Yes, it just works like it says on the tin. Upstream and downstream for me are better than 90% * n speed, downstream is exceptionally good, the more lines you have the worse it gets, four lines is quite a lot worse than three. For me upstream is not as good as downstream but that could be because my lines differ a lot in speed, one out of the four is exceptionally bad and it even copes with that.
One real nuisance is that with the Firebrick, you have to specify the rates for outbound traffic per line. I have been looking into this for years, and I have absolutely zero clue as to what is going on if you get these numbers wrong. It matters in that you need to get the figures right but if you do get them wrong in one direction or another then the results don’t make sense. I have spent eight years doing performance measurements. Some of the reason for confusion, I have now realised is that any corruption on packets really stuffs things up in this regard.
I use the following equation for the outband speeds, the rate limiters :
egress_rate = modem_loading_factor * protocol_efficiency_factor * sync_rate
where
protocol_efficiency_factor = ( the size of a chosen packet including all overheads due to protocols from eg ppp downwards ) / the original size; this is the same as the bloat factor due to all headers, trailers, stuffing, escaping, encoding and any other expansion factors
and
modem_loading_factor = some tweaking tuning number < 1.0 ; set by experimentation to give the best performance but possibly slightly reduced to improve latency or for other reasons, such as a reduction found by experiment to be helpful to voip
protocol_efficiency_factor : For FTTC/FTTC, I think the protocol_efficiency_factor = 96.69% normally, or else 91% if G.INP = high. Kitz has some numbers for efficiency of FTTC.

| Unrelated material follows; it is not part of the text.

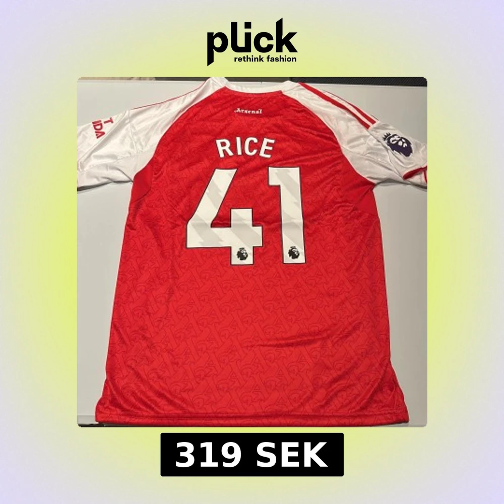 Arsenal hemmatröja med Rice 41-tryck, officiell Premier League badge på ärmen. Röd kropp med vita ärmar och röda ränder, broderad Arsenal-logga och Adidas-märke. Tillverkad i lätt, ventilerande polyestermaterial med subtilt mönster i tyget. Replika, endast handtvätt gäller!

I use a value of protocol_efficiency_factor = 0.88 approx assuming a standard size of for an 1500 bytes for an IP packet. This comes from round_up((1500 bytes + 32 bytes of overhead ) / 48 bytes per atm cell payload ) = 32 atm cells; then protocol_efficiency_factor = 1500 / ((32 cells)* (48+5))
Now,
modem_loading_factor = 96.5% for me currently. Chosen after many months of testing.
So for you I might recommend trying a speed = 0.965 * 0.91 * sync_rate
I have a program that queries the modems and gets the upstream sync rate from each one. To do this, I use an ‘easy stats’ API provided by some code written by our esteemed forum member Johnson which is installed in the modems as part of his custom firmware. I then convert the sync rate to an egress rate to go into the speed attribute of <ppp speed=nnnn> in the Firebrick xml according to the previous formula; speed = mlf * protocol_efficiency * sync_rate. The program then puts out a snippet of Firebrick xml containing ppp elements with the correct upstream rate values in them, and embeds this in a complete template of the current Firebrick xml config, which is then uploaded into the Firebrick and takes effect immediately, without disturbing operations in progress.
The program to do this currently runs on an iPad, does the rate calculation and needs to be run manually when every speeds change. I could check for speed changes by polling which is nasty unless the rate is kept down. My iPad is of course not suitable for the job as a polling monitoring server. I should really rewrite the thing for my raspberry pi and let that do the monitoring and push the config changes into the iPad. I currently also have a quick iPad program that tells me yes or no have the modems’ speeds changed, to let me know that I may want to upload a new config.
I have a spreadsheet that does the efficiency calculations. I can post that if that would be useful.